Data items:
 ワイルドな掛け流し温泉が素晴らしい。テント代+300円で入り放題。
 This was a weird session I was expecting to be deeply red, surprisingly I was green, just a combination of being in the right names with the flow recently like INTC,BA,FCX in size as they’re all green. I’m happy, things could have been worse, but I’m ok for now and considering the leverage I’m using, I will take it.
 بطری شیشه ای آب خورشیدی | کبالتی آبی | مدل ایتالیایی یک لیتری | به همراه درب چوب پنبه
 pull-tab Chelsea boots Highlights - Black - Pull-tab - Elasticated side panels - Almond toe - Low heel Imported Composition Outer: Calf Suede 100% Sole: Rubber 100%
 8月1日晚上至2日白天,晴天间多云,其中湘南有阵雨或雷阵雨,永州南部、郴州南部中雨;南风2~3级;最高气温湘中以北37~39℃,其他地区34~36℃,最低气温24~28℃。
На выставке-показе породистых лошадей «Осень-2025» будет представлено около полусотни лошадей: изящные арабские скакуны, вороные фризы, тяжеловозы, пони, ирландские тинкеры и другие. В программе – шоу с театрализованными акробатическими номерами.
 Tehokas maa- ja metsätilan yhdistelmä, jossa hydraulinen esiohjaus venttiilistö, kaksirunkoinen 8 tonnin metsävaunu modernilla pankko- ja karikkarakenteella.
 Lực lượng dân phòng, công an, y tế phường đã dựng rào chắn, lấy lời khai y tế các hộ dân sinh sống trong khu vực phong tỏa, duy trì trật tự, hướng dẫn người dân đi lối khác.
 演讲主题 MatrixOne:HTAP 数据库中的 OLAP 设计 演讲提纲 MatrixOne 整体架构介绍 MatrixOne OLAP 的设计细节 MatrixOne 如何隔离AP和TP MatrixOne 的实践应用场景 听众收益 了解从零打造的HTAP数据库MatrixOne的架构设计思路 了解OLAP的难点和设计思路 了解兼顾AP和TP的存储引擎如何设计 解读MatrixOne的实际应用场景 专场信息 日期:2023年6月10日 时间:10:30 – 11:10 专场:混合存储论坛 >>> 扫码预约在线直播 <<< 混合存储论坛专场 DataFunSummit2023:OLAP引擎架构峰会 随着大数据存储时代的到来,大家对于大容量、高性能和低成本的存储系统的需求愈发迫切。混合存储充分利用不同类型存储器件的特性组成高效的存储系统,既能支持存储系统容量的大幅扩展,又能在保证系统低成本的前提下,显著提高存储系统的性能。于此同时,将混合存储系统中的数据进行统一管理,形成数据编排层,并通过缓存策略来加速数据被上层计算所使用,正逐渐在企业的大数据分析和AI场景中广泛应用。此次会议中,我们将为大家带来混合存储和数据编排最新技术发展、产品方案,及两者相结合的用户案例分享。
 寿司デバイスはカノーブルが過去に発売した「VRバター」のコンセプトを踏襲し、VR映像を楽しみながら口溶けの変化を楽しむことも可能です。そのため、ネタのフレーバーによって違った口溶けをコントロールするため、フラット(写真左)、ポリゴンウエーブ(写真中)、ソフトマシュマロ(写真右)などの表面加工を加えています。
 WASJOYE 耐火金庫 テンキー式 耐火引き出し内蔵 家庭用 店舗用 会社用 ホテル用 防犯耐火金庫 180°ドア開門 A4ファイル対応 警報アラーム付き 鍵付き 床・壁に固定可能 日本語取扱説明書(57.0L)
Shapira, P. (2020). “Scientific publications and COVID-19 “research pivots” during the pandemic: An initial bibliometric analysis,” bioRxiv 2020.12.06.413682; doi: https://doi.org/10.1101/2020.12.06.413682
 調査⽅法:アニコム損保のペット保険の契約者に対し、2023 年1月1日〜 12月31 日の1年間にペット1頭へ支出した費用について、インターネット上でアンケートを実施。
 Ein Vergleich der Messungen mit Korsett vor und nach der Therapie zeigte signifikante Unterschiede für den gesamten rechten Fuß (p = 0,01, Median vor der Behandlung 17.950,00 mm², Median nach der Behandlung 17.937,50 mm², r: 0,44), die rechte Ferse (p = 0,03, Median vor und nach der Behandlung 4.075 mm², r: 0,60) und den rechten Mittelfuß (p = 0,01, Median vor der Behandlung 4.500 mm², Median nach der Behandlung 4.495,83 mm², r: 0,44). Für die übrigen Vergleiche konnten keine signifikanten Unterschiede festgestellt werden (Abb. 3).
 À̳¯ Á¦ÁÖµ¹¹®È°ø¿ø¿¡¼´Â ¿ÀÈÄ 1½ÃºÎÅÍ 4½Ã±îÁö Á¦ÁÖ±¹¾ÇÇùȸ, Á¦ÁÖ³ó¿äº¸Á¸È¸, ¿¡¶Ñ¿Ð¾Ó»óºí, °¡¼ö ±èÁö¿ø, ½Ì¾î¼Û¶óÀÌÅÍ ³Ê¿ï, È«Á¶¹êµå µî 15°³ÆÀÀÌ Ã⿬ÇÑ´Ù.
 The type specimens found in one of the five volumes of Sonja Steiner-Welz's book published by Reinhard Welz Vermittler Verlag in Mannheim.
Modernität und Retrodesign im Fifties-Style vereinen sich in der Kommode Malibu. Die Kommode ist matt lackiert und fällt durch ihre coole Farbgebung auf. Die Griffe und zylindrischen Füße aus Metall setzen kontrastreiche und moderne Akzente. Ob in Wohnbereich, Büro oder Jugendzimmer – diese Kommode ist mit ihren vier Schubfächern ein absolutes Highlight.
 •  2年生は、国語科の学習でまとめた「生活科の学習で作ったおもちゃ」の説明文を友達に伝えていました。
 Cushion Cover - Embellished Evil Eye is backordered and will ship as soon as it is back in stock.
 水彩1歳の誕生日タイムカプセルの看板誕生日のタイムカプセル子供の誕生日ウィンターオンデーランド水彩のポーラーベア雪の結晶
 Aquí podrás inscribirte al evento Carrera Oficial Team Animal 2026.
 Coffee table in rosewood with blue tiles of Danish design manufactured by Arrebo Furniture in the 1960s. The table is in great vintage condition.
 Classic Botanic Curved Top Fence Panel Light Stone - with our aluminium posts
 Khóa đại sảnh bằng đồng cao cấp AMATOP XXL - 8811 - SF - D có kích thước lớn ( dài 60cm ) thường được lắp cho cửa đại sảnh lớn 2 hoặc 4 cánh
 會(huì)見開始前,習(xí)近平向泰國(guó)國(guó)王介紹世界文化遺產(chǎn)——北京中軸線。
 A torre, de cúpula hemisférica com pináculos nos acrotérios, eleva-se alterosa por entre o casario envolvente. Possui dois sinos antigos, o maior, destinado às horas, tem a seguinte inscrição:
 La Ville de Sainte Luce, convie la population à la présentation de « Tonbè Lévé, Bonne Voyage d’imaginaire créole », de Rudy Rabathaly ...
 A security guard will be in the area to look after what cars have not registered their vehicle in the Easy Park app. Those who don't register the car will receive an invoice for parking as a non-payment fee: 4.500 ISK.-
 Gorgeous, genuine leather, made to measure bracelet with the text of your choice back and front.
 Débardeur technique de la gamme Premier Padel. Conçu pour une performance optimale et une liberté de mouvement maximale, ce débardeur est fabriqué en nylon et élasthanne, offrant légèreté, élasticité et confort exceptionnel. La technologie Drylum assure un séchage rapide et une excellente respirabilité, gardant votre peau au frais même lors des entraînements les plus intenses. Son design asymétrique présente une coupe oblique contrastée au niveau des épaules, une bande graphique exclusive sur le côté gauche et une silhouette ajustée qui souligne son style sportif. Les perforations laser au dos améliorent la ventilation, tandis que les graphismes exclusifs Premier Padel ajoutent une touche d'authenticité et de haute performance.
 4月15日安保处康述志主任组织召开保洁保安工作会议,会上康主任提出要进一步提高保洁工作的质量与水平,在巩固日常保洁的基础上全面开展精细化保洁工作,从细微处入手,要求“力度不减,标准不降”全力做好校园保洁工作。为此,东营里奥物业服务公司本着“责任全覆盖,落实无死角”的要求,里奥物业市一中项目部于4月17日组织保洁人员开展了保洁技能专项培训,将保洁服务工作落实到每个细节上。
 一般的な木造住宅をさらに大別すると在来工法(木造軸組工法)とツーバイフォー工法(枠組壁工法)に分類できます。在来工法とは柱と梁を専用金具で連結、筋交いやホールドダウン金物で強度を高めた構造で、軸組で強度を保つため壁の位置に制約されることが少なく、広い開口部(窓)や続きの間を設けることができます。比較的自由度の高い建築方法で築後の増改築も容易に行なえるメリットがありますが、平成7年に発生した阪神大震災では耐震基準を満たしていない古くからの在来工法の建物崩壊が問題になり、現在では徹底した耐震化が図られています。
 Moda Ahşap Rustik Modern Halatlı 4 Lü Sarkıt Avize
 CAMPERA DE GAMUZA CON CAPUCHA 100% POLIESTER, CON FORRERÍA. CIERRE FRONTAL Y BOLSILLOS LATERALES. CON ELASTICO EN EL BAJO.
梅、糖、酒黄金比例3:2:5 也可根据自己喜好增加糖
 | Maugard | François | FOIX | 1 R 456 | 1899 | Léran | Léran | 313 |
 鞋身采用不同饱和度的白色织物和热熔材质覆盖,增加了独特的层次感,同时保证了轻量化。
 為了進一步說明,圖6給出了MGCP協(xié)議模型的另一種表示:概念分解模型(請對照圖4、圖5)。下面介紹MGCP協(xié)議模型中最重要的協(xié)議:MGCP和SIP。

### Brief
Reprint exactly the lines above that start at the one with "Lực lượng dân" and end at the one with "The type specimens", keeping both and adding none.

### Written answer
 Lực lượng dân phòng, công an, y tế phường đã dựng rào chắn, lấy lời khai y tế các hộ dân sinh sống trong khu vực phong tỏa, duy trì trật tự, hướng dẫn người dân đi lối khác.
 演讲主题 MatrixOne:HTAP 数据库中的 OLAP 设计 演讲提纲 MatrixOne 整体架构介绍 MatrixOne OLAP 的设计细节 MatrixOne 如何隔离AP和TP MatrixOne 的实践应用场景 听众收益 了解从零打造的HTAP数据库MatrixOne的架构设计思路 了解OLAP的难点和设计思路 了解兼顾AP和TP的存储引擎如何设计 解读MatrixOne的实际应用场景 专场信息 日期:2023年6月10日 时间:10:30 – 11:10 专场:混合存储论坛 >>> 扫码预约在线直播 <<< 混合存储论坛专场 DataFunSummit2023:OLAP引擎架构峰会 随着大数据存储时代的到来,大家对于大容量、高性能和低成本的存储系统的需求愈发迫切。混合存储充分利用不同类型存储器件的特性组成高效的存储系统,既能支持存储系统容量的大幅扩展,又能在保证系统低成本的前提下,显著提高存储系统的性能。于此同时,将混合存储系统中的数据进行统一管理,形成数据编排层,并通过缓存策略来加速数据被上层计算所使用,正逐渐在企业的大数据分析和AI场景中广泛应用。此次会议中,我们将为大家带来混合存储和数据编排最新技术发展、产品方案,及两者相结合的用户案例分享。
 寿司デバイスはカノーブルが過去に発売した「VRバター」のコンセプトを踏襲し、VR映像を楽しみながら口溶けの変化を楽しむことも可能です。そのため、ネタのフレーバーによって違った口溶けをコントロールするため、フラット(写真左)、ポリゴンウエーブ(写真中)、ソフトマシュマロ(写真右)などの表面加工を加えています。
 WASJOYE 耐火金庫 テンキー式 耐火引き出し内蔵 家庭用 店舗用 会社用 ホテル用 防犯耐火金庫 180°ドア開門 A4ファイル対応 警報アラーム付き 鍵付き 床・壁に固定可能 日本語取扱説明書(57.0L)
Shapira, P. (2020). “Scientific publications and COVID-19 “research pivots” during the pandemic: An initial bibliometric analysis,” bioRxiv 2020.12.06.413682; doi: https://doi.org/10.1101/2020.12.06.413682
 調査⽅法:アニコム損保のペット保険の契約者に対し、2023 年1月1日〜 12月31 日の1年間にペット1頭へ支出した費用について、インターネット上でアンケートを実施。
 Ein Vergleich der Messungen mit Korsett vor und nach der Therapie zeigte signifikante Unterschiede für den gesamten rechten Fuß (p = 0,01, Median vor der Behandlung 17.950,00 mm², Median nach der Behandlung 17.937,50 mm², r: 0,44), die rechte Ferse (p = 0,03, Median vor und nach der Behandlung 4.075 mm², r: 0,60) und den rechten Mittelfuß (p = 0,01, Median vor der Behandlung 4.500 mm², Median nach der Behandlung 4.495,83 mm², r: 0,44). Für die übrigen Vergleiche konnten keine signifikanten Unterschiede festgestellt werden (Abb. 3).
 À̳¯ Á¦ÁÖµ¹¹®È°ø¿ø¿¡¼´Â ¿ÀÈÄ 1½ÃºÎÅÍ 4½Ã±îÁö Á¦ÁÖ±¹¾ÇÇùȸ, Á¦ÁÖ³ó¿äº¸Á¸È¸, ¿¡¶Ñ¿Ð¾Ó»óºí, °¡¼ö ±èÁö¿ø, ½Ì¾î¼Û¶óÀÌÅÍ ³Ê¿ï, È«Á¶¹êµå µî 15°³ÆÀÀÌ Ã⿬ÇÑ´Ù.
 The type specimens found in one of the five volumes of Sonja Steiner-Welz's book published by Reinhard Welz Vermittler Verlag in Mannheim.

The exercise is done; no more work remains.